:: Dataset extract
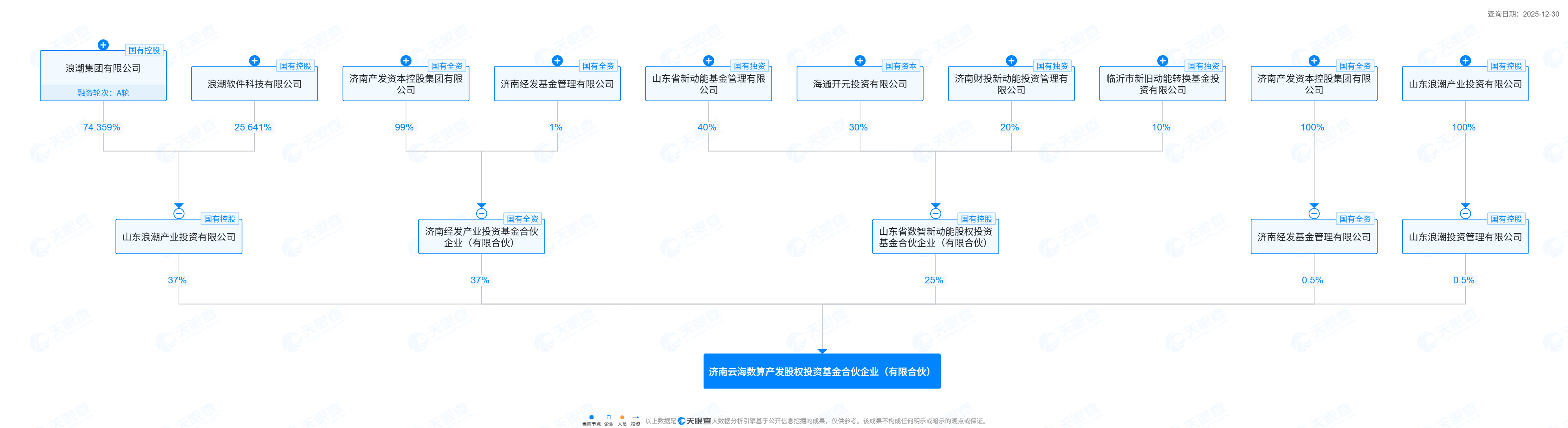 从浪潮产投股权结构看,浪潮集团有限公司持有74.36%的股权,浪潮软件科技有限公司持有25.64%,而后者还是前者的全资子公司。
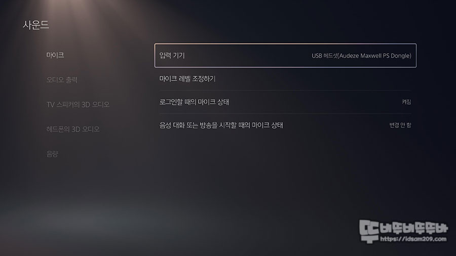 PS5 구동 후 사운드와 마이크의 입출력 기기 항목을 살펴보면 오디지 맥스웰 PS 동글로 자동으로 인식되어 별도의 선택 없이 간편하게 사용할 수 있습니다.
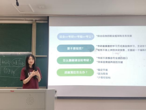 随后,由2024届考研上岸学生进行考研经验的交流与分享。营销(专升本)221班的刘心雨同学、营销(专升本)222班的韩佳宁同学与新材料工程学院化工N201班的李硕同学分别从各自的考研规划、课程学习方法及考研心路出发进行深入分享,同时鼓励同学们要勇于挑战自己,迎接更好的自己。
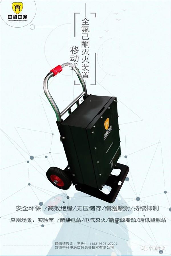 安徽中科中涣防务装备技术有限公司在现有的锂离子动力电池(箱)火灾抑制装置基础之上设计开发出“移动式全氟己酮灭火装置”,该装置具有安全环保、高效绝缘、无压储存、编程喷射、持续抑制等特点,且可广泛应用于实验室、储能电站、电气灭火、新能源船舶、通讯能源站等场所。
::::
What you are asked to do: Your task is to repeat, word for word and with no picture, every line from the one that contains "PS5 구동 후 사운드와" through the last line of the data.

Exercise output:
 PS5 구동 후 사운드와 마이크의 입출력 기기 항목을 살펴보면 오디지 맥스웰 PS 동글로 자동으로 인식되어 별도의 선택 없이 간편하게 사용할 수 있습니다.
 随后,由2024届考研上岸学生进行考研经验的交流与分享。营销(专升本)221班的刘心雨同学、营销(专升本)222班的韩佳宁同学与新材料工程学院化工N201班的李硕同学分别从各自的考研规划、课程学习方法及考研心路出发进行深入分享,同时鼓励同学们要勇于挑战自己,迎接更好的自己。
 安徽中科中涣防务装备技术有限公司在现有的锂离子动力电池(箱)火灾抑制装置基础之上设计开发出“移动式全氟己酮灭火装置”,该装置具有安全环保、高效绝缘、无压储存、编程喷射、持续抑制等特点,且可广泛应用于实验室、储能电站、电气灭火、新能源船舶、通讯能源站等场所。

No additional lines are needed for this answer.